Meevar the Mighty said:
Thanks, but I'm afraid I speak (Australian...) English. 225 km squared describes a square that has edges of 225 km and contains 50625 km2.
Uh, no. It clearly doesn't.  The exponent when discussing area or volume (squared or cubed) is conventionally applied to the unit, not to the scalar. The reasoning for why this is so should be clear. A kilometer is a unit of length, hence the exponent in this case is applied to kilometers, thus 225km2, which when factored yields 15km x 15km. Your interpretation would only be correct if they had said 225km quantity squared, which would be (225km)2 or 225km x 225km, as is the conventional way to express an exponent applied to a product (225km is a product).

It's not my "theory," it's grammatical convention.
 
Meevar the Mighty said:
ThegnAnsgar said:
People are failing to understand dimension and area. The map has an area of 225 km^2, i.e. how many square blocks of 1km x 1km can fit into it (hint: 225). The dimensions of the map are thus 15 km by 15 km (another hint, (15)(15)=225).

Thus if you were on a horse at the edge of the map and wanted to go to the opposite edge, assuming a speed of 24 km/h at a canter (don't want to gallop with the horse, you'll exhaust it in no time this way. :razz:), without factoring in time compression it would take you 37 and a half minutes to cover the map from north to south or east to west.

The confusion results from the fact that mathematically there isn't really an unambiguous way to give a designation to a particular square area and say it is "x km squared" and mean that it has "x km dimensions on all sides", because someone can easily interpret that square to be x km in area instead, because km squared and square km mean the exact same thing mathematically. The easiest way to avoid any ambiguity is to state its dimensions and from this you determine its area. Combining math with language is not always the easiest thing.

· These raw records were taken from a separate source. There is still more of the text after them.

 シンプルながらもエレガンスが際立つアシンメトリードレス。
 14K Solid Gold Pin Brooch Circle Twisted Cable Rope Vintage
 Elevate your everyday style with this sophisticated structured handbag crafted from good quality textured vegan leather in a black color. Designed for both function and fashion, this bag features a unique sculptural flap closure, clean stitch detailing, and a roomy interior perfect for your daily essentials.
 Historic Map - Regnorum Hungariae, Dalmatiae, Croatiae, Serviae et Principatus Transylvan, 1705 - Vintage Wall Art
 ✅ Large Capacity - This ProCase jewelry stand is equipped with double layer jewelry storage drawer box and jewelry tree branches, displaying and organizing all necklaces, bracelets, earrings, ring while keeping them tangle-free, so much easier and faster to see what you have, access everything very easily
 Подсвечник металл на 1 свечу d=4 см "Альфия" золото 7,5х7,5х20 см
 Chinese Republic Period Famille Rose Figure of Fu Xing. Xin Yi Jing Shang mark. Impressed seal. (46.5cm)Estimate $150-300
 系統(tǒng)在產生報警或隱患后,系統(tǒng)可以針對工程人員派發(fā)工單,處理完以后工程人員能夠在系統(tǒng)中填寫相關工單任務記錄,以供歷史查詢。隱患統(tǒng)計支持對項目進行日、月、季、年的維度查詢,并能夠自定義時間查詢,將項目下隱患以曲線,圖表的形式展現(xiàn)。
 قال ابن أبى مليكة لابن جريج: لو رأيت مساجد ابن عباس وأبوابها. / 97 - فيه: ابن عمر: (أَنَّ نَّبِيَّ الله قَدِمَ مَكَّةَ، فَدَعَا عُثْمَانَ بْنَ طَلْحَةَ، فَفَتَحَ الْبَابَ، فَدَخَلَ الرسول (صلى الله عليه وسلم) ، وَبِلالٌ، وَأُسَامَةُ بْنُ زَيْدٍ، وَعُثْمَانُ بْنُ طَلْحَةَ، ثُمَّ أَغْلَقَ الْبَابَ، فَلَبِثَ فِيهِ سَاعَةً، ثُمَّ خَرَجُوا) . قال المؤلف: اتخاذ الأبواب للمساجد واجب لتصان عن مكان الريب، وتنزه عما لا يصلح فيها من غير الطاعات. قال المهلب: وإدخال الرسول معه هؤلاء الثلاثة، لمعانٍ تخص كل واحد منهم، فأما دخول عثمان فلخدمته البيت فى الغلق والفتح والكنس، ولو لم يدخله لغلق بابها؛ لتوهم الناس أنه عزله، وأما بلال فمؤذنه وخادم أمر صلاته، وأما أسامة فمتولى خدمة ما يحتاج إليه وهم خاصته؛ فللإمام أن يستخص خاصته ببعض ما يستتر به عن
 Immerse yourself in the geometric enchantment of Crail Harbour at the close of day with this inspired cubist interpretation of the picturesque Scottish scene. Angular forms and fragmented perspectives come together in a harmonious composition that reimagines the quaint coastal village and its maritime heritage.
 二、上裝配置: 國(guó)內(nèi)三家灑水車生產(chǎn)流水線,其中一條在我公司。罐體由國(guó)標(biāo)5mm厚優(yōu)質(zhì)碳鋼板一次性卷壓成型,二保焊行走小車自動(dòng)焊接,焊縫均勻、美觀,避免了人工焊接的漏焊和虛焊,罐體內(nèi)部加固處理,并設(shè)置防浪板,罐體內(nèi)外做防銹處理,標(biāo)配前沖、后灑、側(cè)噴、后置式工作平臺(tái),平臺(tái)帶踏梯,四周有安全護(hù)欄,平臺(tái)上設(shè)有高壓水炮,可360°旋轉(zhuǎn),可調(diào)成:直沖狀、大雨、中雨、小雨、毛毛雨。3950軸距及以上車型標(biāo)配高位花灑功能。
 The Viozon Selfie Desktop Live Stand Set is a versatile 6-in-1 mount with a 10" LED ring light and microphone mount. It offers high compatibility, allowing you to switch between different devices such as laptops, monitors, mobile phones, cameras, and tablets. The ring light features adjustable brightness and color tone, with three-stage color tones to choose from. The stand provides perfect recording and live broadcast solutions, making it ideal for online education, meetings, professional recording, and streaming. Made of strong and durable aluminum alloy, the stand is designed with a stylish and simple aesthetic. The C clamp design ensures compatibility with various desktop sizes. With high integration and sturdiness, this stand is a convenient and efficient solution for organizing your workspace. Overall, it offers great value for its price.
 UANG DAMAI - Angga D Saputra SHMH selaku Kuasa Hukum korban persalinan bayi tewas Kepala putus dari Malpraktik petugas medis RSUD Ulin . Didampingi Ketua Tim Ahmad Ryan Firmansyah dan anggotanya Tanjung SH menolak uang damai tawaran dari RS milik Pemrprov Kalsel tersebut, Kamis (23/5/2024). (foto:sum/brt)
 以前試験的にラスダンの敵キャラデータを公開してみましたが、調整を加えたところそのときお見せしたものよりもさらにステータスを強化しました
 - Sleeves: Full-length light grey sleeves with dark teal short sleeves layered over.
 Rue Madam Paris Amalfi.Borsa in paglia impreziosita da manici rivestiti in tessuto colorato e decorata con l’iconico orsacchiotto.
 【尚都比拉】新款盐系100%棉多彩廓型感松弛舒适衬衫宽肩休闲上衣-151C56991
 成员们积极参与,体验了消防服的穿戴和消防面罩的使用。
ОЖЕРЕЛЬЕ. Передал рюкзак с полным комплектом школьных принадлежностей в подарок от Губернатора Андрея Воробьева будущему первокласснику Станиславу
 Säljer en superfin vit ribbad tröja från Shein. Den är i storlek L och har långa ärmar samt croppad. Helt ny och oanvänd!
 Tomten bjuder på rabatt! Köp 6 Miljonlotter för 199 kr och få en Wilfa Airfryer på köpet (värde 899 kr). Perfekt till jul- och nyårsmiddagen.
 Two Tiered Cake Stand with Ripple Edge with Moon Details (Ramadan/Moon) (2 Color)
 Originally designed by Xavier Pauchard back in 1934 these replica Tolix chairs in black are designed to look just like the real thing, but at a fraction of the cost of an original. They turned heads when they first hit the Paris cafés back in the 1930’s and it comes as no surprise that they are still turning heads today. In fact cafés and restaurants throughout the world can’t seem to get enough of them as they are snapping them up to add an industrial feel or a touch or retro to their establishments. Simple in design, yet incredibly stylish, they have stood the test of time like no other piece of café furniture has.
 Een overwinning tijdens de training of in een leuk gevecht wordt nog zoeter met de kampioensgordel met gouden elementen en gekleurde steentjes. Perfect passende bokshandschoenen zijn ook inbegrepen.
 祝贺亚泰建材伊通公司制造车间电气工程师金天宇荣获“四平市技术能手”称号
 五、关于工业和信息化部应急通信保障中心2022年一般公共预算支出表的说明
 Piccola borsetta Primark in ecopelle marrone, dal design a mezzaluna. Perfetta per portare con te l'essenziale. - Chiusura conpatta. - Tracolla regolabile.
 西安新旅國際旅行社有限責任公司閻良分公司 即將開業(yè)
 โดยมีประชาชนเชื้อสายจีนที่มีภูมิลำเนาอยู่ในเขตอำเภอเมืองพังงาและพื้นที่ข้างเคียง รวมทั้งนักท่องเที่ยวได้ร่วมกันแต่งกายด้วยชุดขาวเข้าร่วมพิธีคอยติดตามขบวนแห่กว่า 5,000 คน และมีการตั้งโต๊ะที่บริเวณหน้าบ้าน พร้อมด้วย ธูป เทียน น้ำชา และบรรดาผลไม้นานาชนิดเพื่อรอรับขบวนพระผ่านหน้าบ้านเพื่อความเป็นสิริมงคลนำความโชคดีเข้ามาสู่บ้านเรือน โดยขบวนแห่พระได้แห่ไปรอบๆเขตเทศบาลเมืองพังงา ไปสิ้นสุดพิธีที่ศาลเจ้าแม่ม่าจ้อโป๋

I see you're confused by the fact that when you write x km2, you might think that it could be phrased in English as x (square km) or as x (km squared), when the correct usage is to say x (square km) and (x km squared). You can't use square km to refer to dimensions and vice versa. If you go to a shop and ask to be delivered 50 metres squared of tiles for your bathroom floor, which you know to be 10 x 5 metres, or your dentist follows instructions to bore a 10mm square hole in your tooth, you are in trouble.

Um, you did not understand at all what I said.

x (km squared) and (x square km) are the exact same thing mathematically. It is a measurement of area. There is absolutely no difference between the two when it comes to math. The problem is that the way you are intending to use it, is rather ambiguous, and math is intended to remove ambiguity.

And yes, if you have a bathroom floor that is 10 x 5 metres, 50 metres squared of tiles will most certainly give you the exact amount of tiles that you need (though not enough if you make a mistake). Unless you're speaking to an absolutely insane person who has no understanding of area, and if they can't even understand area, they should not be working in a hardware store/home centre.